Remember lucky pencils from elementary school? The ones your teachers would give you so you would ace those standardized tests?
Well, I have a lucky pencil. It’s an old-fashioned #2 pencil. It’s a deep, slate blue #2 pencil. It’s got gold lettering on the side. And a simple, profound message: TELL YOUR STORY.
It arrived n the mail last year when I ordered a children’s story for my boys, a book about building tree houses from Magnolia Market— the world-renowned Chip and Joanna Gaines’ Magnolia Market, the same Magnolia Market to which I had entered (and not won), a writing contest earlier that spring.
I took that pencil as a sign.
A sign that somebody over there in the land of Magnolia milk and honey had remembered me and my writing and decided to send along some manna from Magnolia to encourage and sustain me along my writing journey through the wilderness.
And while odds are that was not the case, and odds are that my inspirational magic pencil was quite simply a gift-with-purchase that every patron receives, I like to think otherwise. I like to think it is special. Because my words — and my story — are special. That’s what I like to think.
Only now, my magic pencil is gone.
I noticed its absence yesterday morning while applying my eyeliner.
Normally, my magic pencil hangs out in my bathroom in a ceramic container along with my toenail clippers and eyebrow scissors. (I don’t actually WRITE with it. It’s a symbol. A sign. A powerful promise, if you will.) And so it sits prominently in my line of vision (or it did until yesterday), reminding me every day to do what it commands me to do.
And some days, I notice the message has twisted round to where I can’t see it, so I rotate my promise, feeling its hexagonal planes shift beneath my thumb and forefinger, until I can see it again. Because I need to see it daily. I need reminding. Daily.

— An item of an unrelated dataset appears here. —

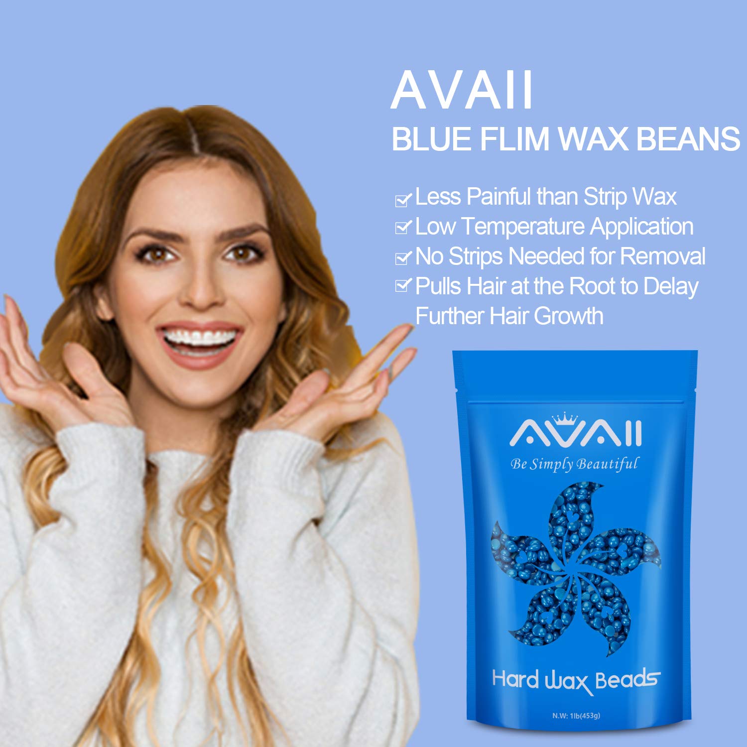 Wax Beans AVAII Hard Wax Beans Painless Hair Removal for Coarse Hair Refill Waxing Beads for Underarms, Leg, Chest, Brazilian Bikini, Perfect for Any Wax Warmer, 453g/16oz.

Especially lately, when my words seem to get lost in the frantic shuffle of my busy teaching and twin-mom world. Lately my words have been getting harder and harder to find, and once found, to put in some semblance of order.

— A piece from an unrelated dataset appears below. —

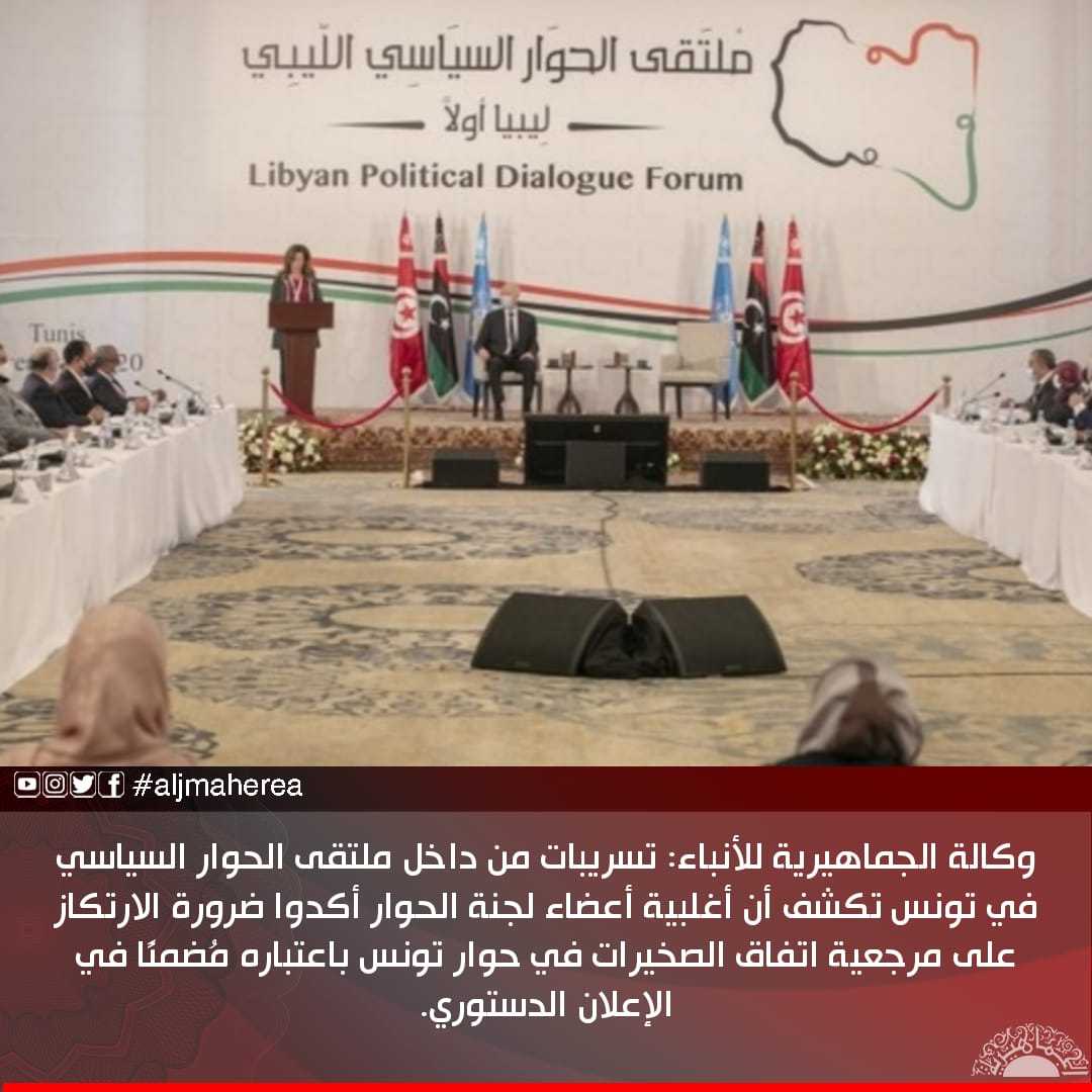 وكالة الجماهيرية للأنباء: تسريبات من داخل ملتقى الحوار السياسي في تونس تكشف أن أغلبية أعضاء لجنة الحوار أكدوا ضرورة الارتكاز على مرجعية اتفاق الصخيرات في حوار تونس باعتباره مُضمنًا في الإعلان الدستوري.

And even when I do manage to round them up — recently in rather ramshackle fashion — I don’t know that they really make much of an impact at all…
So I need my sign, my writing-on-the-writing-utensil sign, shipped from some random, nameless, faceless true believer of both me and my story out in Waco-turned-Canaan, Texas (intentional or otherwise.)

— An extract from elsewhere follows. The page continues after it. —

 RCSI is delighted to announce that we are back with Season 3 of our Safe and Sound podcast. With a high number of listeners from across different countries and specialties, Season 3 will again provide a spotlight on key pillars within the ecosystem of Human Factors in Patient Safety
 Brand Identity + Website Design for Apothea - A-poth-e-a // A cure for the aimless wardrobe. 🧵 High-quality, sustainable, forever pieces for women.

Because me… sometimes I don’t believe. Sometimes I lose my faith.
And now, tragedy has struck. My magic pencil has gone missing. And I’ve looked everywhere. And my husband has looked everywhere. (And he’s much better at finding things than I am. He found me in the eleventh hour after all, and saved me from drought and famine, and I am forever in his debt.)
So my magic pencil has gone missing and I see this as an ominous sign. And I’m a firm believer in signs. But then, you already know that. So I guess that means…
This is going to be hard to believe, but I swear to you it is the God’s honest truth…
Just as I closed my computer, thinking I was pretty much done with my blog (as well as my entire storytelling career), my youngest son bent down at a spot we had all gone over with a fine-tooth comb and exclaimed…
“Mama, is this your pencil?”
Why, yes. Yes it is.
And since I’m a firm believer in signs… I guess I know what I have to do now. I have to obey.
So I’m sending this story — and many, many more — out into the universe.